The example below should be straight forward for you to modify for many python use cases.  There’s only really a couple of steps, create a docker (if you need additional Python libraries), configure the Python operator, code, plus input and outputs.

Building a docker

There is a great existing blog that describes how to create a simple docker, so I won’t repeat that here.  Below you can see my docker definition.

# Use an official Python 3.6 image as a parent image
FROM python:3.6.4-slim-stretch

# Install python libraries
RUN pip install pandas​
RUN pip install tornado==5.0.2

# Add vflow user and vflow group to prevent error 
# container has runAsNonRoot and image will run as root
RUN groupadd -g 1972 vflow && useradd -g 1972 -u 1972 -m vflow
USER 1972:1972
WORKDIR /home/vflow
ENV HOME=/home/vflow

Lets take the pipeline that we previously developed but now we will switch the JavaScript for Python.

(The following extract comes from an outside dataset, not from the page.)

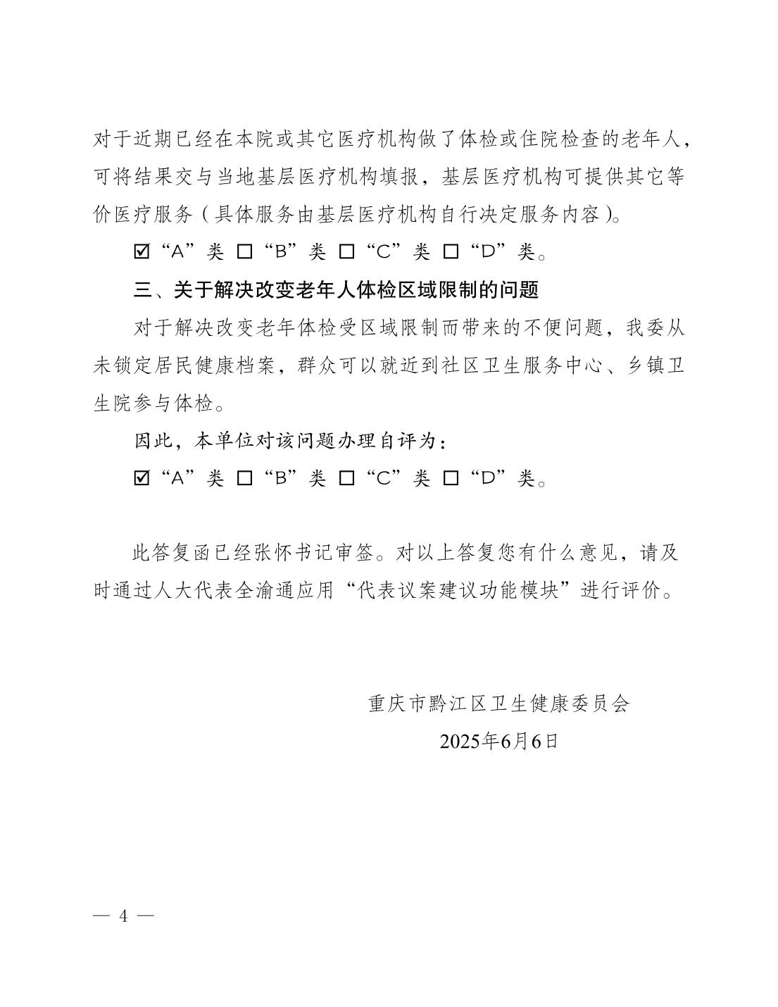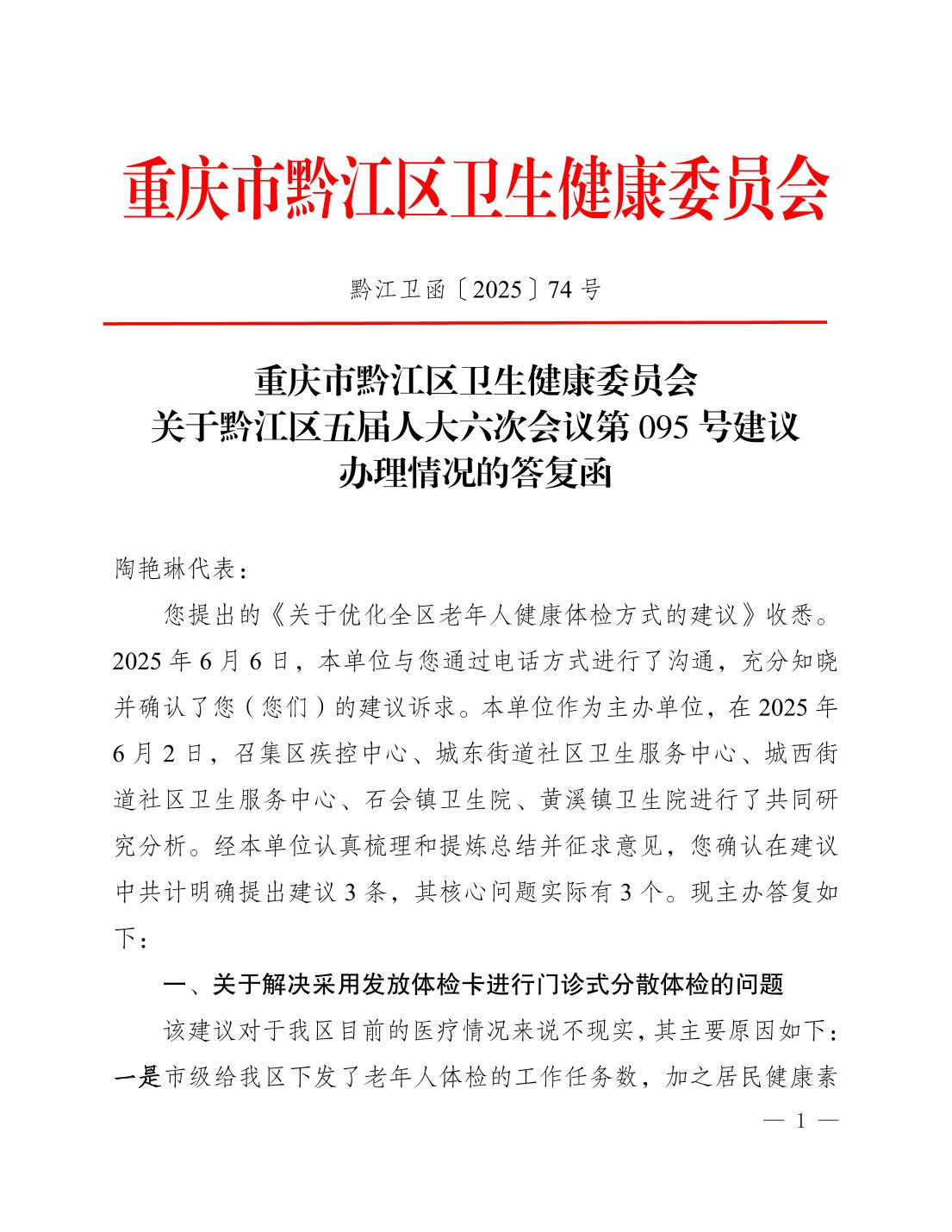 重慶市黔江區衛生健康委員會關于黔江區五屆人大六次會議第095號建議辦理情況的答復函

Placing the Python3Operator on the canvas, shows no inputs and no outputs, for most pipelines you would want to modify this.  The above JavaScript operator has an input called input(message) and an output called output(message), we would need something similar for Python.

I found acquiring the data into Python as a blob to be the easiest, as I had experienced character encoding issues, using the blob data type avoided this issue.  The HTTP Client provides a blob output, which we will connect to.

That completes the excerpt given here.